I currently read an application note from ON Semiconductor concerning forward converters. Latter explains why one needs core reset in case of the "single-switch" forward converter.
Consider the following slide, especially the graph of the current in the primary side, i.e. the magnetizing inductance.
I know that a transformer can be modeled by an "ideal" transformer with infinite inductance (here X1) plus Lmag on the primary side and some leakage inductance (which was obviously omitted here because the explanations target the primary side effects only?)
I also know that the magnetizing inductance is a model for the energy needed to "allow" a magnetic field to change inside the transformer core (so I suppose it is somehow related to core losses.)
To my question: When Q1 turns off, where is the REAL WORLD path for the current? Since Q1 is open and ILmag cannot be "stopped" immediately, there must be a way for the current to circulate until the magnetizing energy is dissipated.
All the slides I found draw this "circulating path" though Lmag and (for the given picture) the primary side of X1.
I don´t understand that, neither conceptually nor for real-world scenarios.
Conceptually, why would the current circulate through the primary of X1 and Lmag? (is there even a current through an infinite inductor? and if there is, should not the voltage across the inductor then be zero, so no voltage anywhere across the inductor and therefore a short?)

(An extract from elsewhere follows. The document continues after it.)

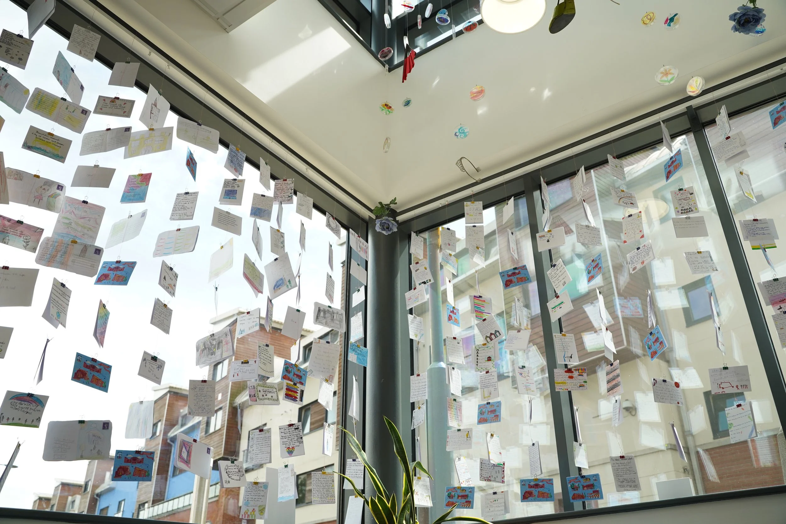 Postcard Poems was the first large scale project Emily produced as coordinator of the LCEP. Over 15 local schools were invited to write bite sized poems about the things they wanted to celebrate about Norwich. These poems were then displayed across Norwich in windows as part of the Young Norfolk Arts Festival 2022. Emily also oversaw and coordinated a pop up exhibition ‘Pathways’ featuring artwork from a workshop with New Routes.

For real-world considerations: Since the primary of X1 is just a model for the ideal transformer and no real thing, where does the current circulate that flows in Lmag?
Best Answer
With the schematic posted as is, when Q1 turns off, in the ideal case, there is no current path available as you said. In the real world, a large positive voltage would appear at the drain of the Q1. Unless D1 breaks down first, the most likely current path is through Q1 under Vds breakdown. I think the circuit can actually work under this condition because a MOSFET can survive Vds breakdown if the power being dissipated is low enough.
By the way, infinite inductor means infinite impedance. Therefore an infinitesimal amount of current corresponds to a voltage approaching infinity. So the assumption such a (unloaded) transformer as being a short is not right.
In the real world, a common scheme of resetting the magnetizing current is by an extra reset winding on the transformer.
Going back to the diagram post, with the schematic as is, the current would not behave as illustrated. In order for the current to behave as illustrated, the transformer needs to be shorted by something when Q1 is off. One easy way to do something close to that is to put a diode (sometimes called a flyback diode in some applications) across the primary. Such a diode would not produce a working design in this application.